On Mon, 19 Jun 2006, Sebastien Roy wrote:
print $1 "\t" $2 "\t" $3 "\t" newlinks "\t" $5 "\t" $6 "\t" $7
{
gsub(/[^,]*/, "&/0", $4);
print;
}
Hmm, that has the strange side-effect of replacing all of the tabs
separating the fields with spaces (in all of $0). For example, the
input line:
1 L4 2 bge1,bge0 auto off short
turns into
1 L4 2 bge1/0,bge0/0 auto off short
Any idea why gsub() would do that?
Because it modified a field, hence the line.
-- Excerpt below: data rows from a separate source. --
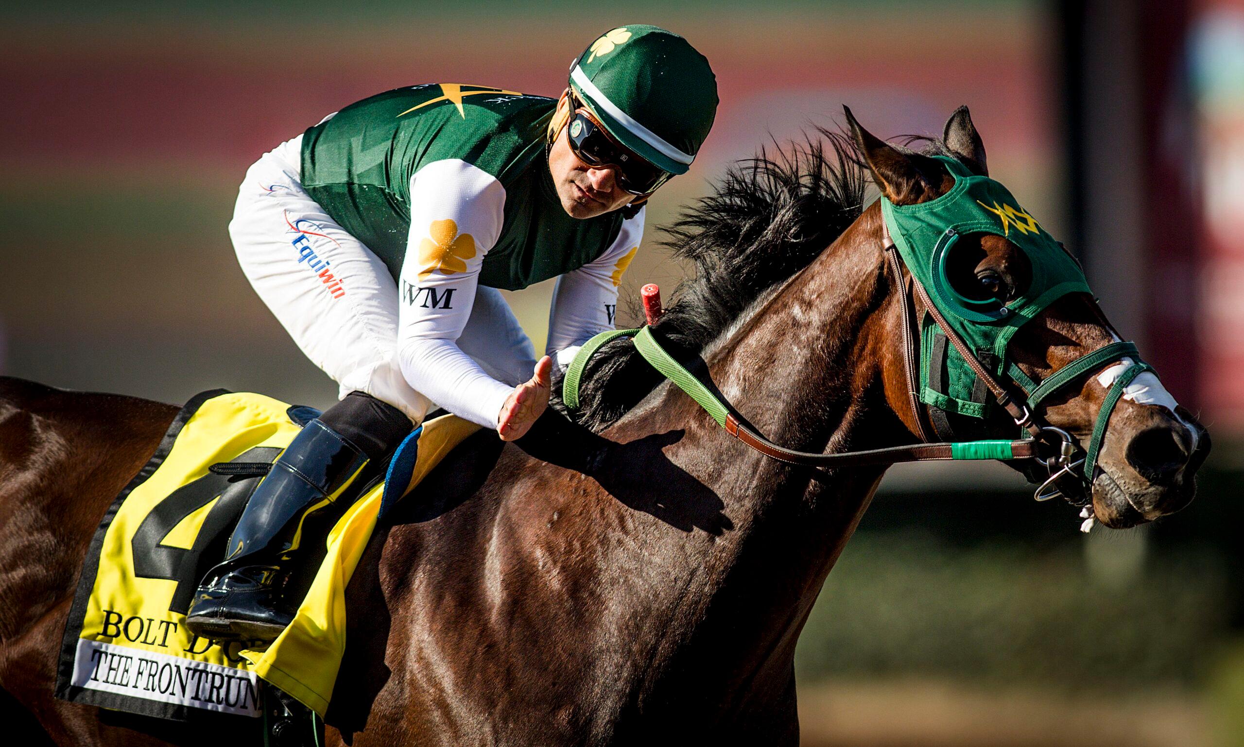 Ruis had wanted to name the new horse after himself, but then remembered that he had already named one of his earlier racehorses after himself, so the name was no longer available. Dismayed, Ruis gave the Greens the responsibility of naming his new prized purchase, and Aidan chose Bolt d’Oro, after the horse’s sire and the Jamaican track star Usain Bolt. Shortly after Bolt d’Oro arrived at the ranch, Green put him out in the pasture to run. “You could see the way he moved against the ground that he was superior to the other horses. It was effortless. He just floated across the ground there,” Green said. “He sort of trained himself. He didn’t just run around, he did it like he was training.”
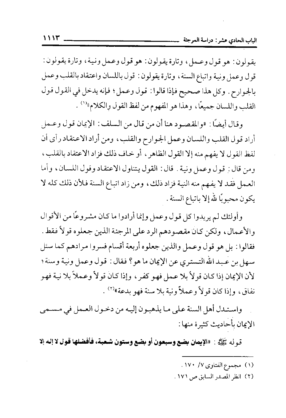 وأولئك لم يريدوا كل قول وعمل وإنما أرادوا ما كان مشروعاً من الأقوال والأعمال ولكن كان مقصودههم الرد علي المرجئة الذين جعلوه قولا فقط. فقالوا: بل هو قول وعمل والذين جعلوه أربعة أقسام فسروا مرادهم كما سئل سهل بن عبد الله التستري عن الإيمان ما هو؟ فقال: قول وعمل ونية وسنة؛ لأن الإيمان إذا كان قولاً بلا عمل فهو كفر، وإذا كان قولاً وعملاً بلا نية فهو نفاق، وإذا كان قولاً وعملاً ونية بلا سنة فهو بدعة" (¬2) .
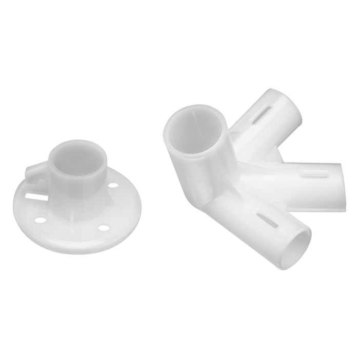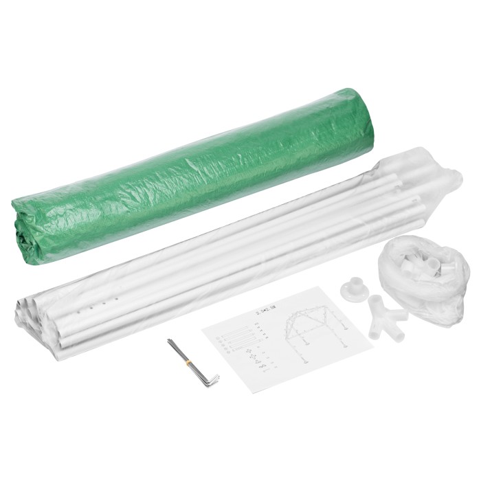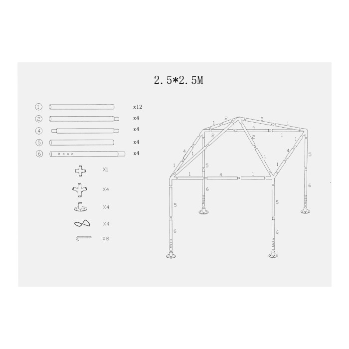 Опоры стоек - 4 штБоковое угловое крепление трубок - 4 штЦентральное угловое крепление трубок - 1 штТрубка1 - 12 штТрубка2 - 4 штТрубка3 - 4 штТрубка4 - 4 штТрубка5 - 4 штКолышки - 8штВеревка, длина 3000 мм - 4 штТент с москитной сеткой - 1 шт

So awk has no choice but to
reconstitute $0 from the various fields, for which it uses OFS
(output field seperator).
Your original print line will work, as you're directly specifying the
field seperators, as would:
{
gsub(/[^,]*/, "&/0", $4);
origOFS = OFS;
OFS = "\t";
print;
}
If having tab (rather than space) always be the OFS suits you just fine,
then you don't need the above modification, just set OFS = "\t" in a
BEGIN action:
BEGIN {
OFS = "\t";
}
{
gsub(/[^,]*/, "&/0", $4);
print;
}
Hope this helps :)
regards,
--
Paul Jakma,
Network Approachability, KISS. Sun Microsystems, Dublin, Ireland.